To implement the concept, I chose the Xilinx Zynq as my target processing platform for two reasons. First, because I found a small, low cost module on Digi-Key that would fit into a pedal form factor. Second, because I wanted to test out Xilinx’s HLS (High Level Synthesis) development system. For those unfamiliar with HLS, it is a synthesis tool that creates HDL code from C, C++, or SystemC code. Since I wanted as much of the algorithm handled in the fabric as possible, the HLS approach seemed like a good way to save development time.

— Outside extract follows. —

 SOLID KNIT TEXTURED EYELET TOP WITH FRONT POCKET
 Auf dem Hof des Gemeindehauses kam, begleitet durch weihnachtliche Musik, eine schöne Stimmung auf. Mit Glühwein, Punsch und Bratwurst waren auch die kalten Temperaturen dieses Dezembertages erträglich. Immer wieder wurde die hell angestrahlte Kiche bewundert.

At the time of this writing, only the digital portion of the design is finished and the analog hardware hasn’t been implemented yet, but since all the interesting bits are in the programming anyway this article will cover those aspects. The main preliminary hardware portions are outlined at the end of the article.

Algorithm Overview

The following figure illustrates the stages required to implement an arpeggiation algorithm.

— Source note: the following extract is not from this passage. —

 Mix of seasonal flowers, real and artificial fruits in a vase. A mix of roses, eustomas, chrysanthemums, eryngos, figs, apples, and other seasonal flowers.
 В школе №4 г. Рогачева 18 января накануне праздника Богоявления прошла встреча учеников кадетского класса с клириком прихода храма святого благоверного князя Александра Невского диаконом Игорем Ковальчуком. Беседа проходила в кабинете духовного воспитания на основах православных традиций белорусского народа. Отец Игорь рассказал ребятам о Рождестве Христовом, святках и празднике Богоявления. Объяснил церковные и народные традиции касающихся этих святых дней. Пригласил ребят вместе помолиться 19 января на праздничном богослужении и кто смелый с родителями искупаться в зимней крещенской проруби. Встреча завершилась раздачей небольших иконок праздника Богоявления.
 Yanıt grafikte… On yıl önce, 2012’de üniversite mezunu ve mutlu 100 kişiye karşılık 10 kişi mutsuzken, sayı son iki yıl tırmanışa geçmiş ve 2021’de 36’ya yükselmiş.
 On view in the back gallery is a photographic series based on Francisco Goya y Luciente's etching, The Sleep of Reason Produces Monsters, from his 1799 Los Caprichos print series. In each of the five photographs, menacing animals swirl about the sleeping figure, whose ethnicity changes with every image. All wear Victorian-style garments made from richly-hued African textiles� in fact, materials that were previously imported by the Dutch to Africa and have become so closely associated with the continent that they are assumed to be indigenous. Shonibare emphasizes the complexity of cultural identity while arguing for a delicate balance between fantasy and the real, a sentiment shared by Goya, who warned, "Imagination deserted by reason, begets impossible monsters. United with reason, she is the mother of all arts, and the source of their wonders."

Figure 1. Arpeggiation algorithm overview.

Audio data comes into the design over I2S and is split into two paths. One path calculates the envelope of the input and the other calculates the arpeggiation sequence. The core algorithm is completely implemented in the FPGA fabric. The ARM processor simply reads in the control inputs and writes the corresponding values to fabric registers. No audio data is ever actually handled by the ARM.

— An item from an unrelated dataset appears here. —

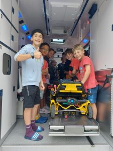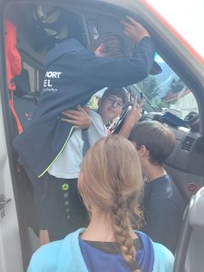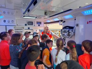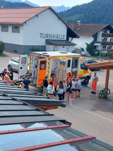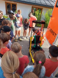 Diese großartige ehrenamtliche Tätigkeit wurde heute belohnt. Thorsten Mühlegg und Benni Kühnle von den Johannitern kamen mit einem Rettungswagen direkt auf den Schulparkplatz gefahren. Dort zeigten sie den neugierigen Kindern anschaulich alles, was in und an so einem Krankenwagen steckt. Natürlich beantworteten sie auch geduldig alle Fragen. Zum Abschluss gab es außerdem für jeden noch ein leckeres Eis!
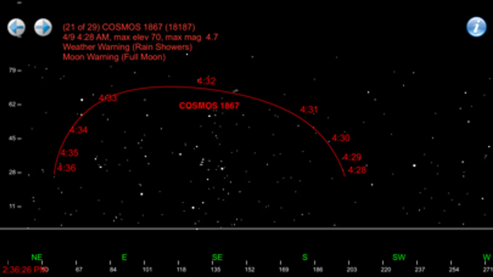 * Real-Time mode shows you what is in the sky now, with the current location, magnitude and path for each satellite. If multiple satellites are in the sky, it shows them all simultaneously

With the exception of the I2S interface, all custom IP blocks were implemented with Xilinx’s HLS tools. All math was performed using fixed point arithmetic aided by the use of the Xilinx ap_fixed.h library. Notice the header files for each block contain the typedefs describing the width and the binary point position for any fixed point numbers.

All blocks involved in the data path communicate with the basic AXI Stream protocol. The control registers are written to from the ARM processor using an AXI Lite interface. For more information on the AXI protocol, see Xilinx’s UG761 AXI User’s Guide.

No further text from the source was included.